• **The data**:
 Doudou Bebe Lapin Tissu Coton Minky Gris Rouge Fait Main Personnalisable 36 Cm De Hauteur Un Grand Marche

...

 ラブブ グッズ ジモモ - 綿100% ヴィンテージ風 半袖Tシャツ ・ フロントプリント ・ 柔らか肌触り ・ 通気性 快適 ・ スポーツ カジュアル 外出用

* * *

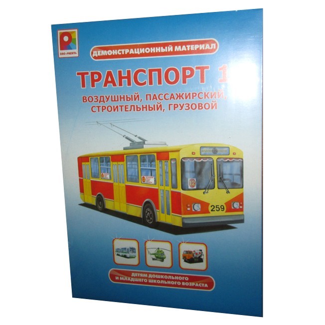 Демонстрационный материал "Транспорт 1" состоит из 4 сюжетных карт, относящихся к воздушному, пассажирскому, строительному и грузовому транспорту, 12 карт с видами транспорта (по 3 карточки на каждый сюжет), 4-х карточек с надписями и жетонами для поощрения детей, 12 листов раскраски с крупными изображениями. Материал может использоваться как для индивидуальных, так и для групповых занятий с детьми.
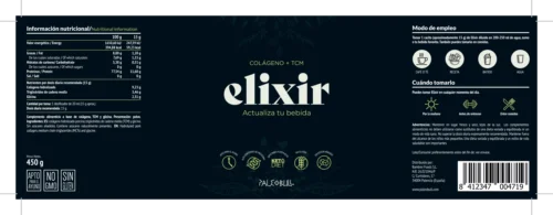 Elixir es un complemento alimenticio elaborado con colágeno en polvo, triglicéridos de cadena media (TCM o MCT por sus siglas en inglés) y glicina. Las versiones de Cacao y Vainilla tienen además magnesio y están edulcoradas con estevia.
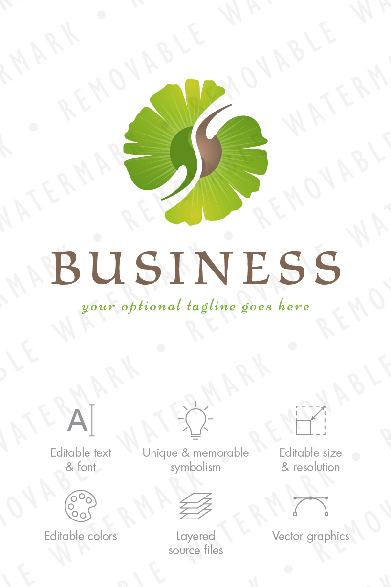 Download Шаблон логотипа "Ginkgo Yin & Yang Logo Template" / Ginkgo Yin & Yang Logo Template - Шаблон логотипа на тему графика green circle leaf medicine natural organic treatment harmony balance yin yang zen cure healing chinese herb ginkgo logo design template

• **Task requirements**: In the listing above, find the line with "занятий с детьми." and output it and every line after it up to and including the line with "Download Шаблон логотипа", exactly, minus the pictures.

• **Response area**:
 Демонстрационный материал "Транспорт 1" состоит из 4 сюжетных карт, относящихся к воздушному, пассажирскому, строительному и грузовому транспорту, 12 карт с видами транспорта (по 3 карточки на каждый сюжет), 4-х карточек с надписями и жетонами для поощрения детей, 12 листов раскраски с крупными изображениями. Материал может использоваться как для индивидуальных, так и для групповых занятий с детьми.
 Elixir es un complemento alimenticio elaborado con colágeno en polvo, triglicéridos de cadena media (TCM o MCT por sus siglas en inglés) y glicina. Las versiones de Cacao y Vainilla tienen además magnesio y están edulcoradas con estevia.
 Download Шаблон логотипа "Ginkgo Yin & Yang Logo Template" / Ginkgo Yin & Yang Logo Template - Шаблон логотипа на тему графика green circle leaf medicine natural organic treatment harmony balance yin yang zen cure healing chinese herb ginkgo logo design template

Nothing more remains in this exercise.